Instructions to follow:
Leaving out all pictures, return exactly the lines from the one that contains "Estructura blanda y" through the end of the data below.

Collected material:
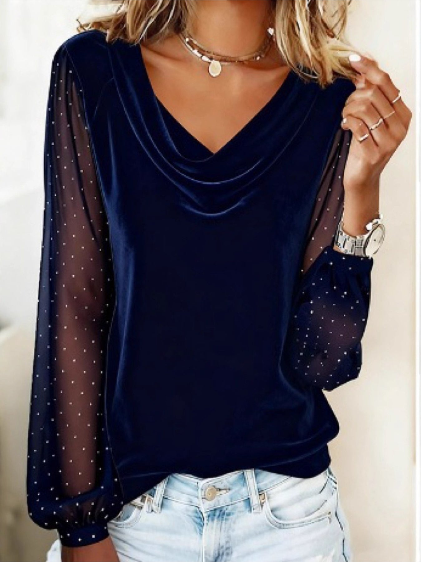 Cowl Neck Long Sleeve Plain Regular Regular Fit Shirt
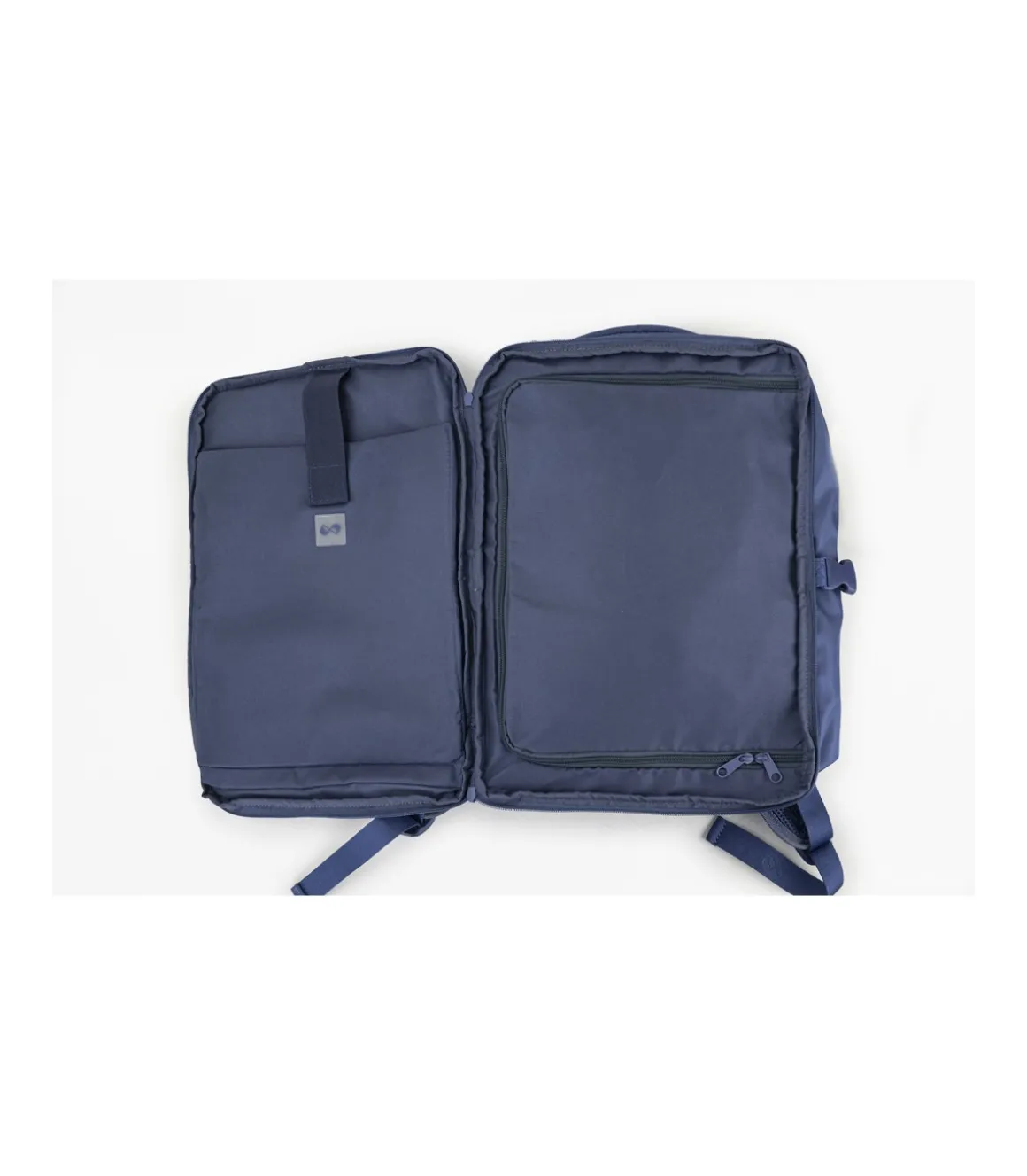 Estructura blanda y ultraligera muy resistente. Interior forrado con poliéster a tono con acabado mate. Compartimentos interior acolchado para ordenador de hasta 15″ y amplio compartimento con cierre de cremallera para la ropa.
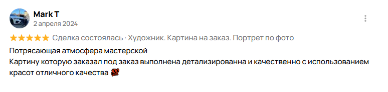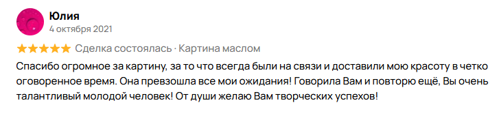 Предоплата направляется на закупку премиальных материалов: галерейного холста профессионального натяжения, высококачественных пигментов и художественных лаков, обеспечивающих глубину цвета, стойкость и долговечность картины.
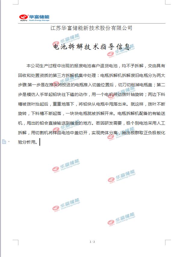 電池拆解技術指導信息

Written response:
 Estructura blanda y ultraligera muy resistente. Interior forrado con poliéster a tono con acabado mate. Compartimentos interior acolchado para ordenador de hasta 15″ y amplio compartimento con cierre de cremallera para la ropa.
 Предоплата направляется на закупку премиальных материалов: галерейного холста профессионального натяжения, высококачественных пигментов и художественных лаков, обеспечивающих глубину цвета, стойкость и долговечность картины.
 電池拆解技術指導信息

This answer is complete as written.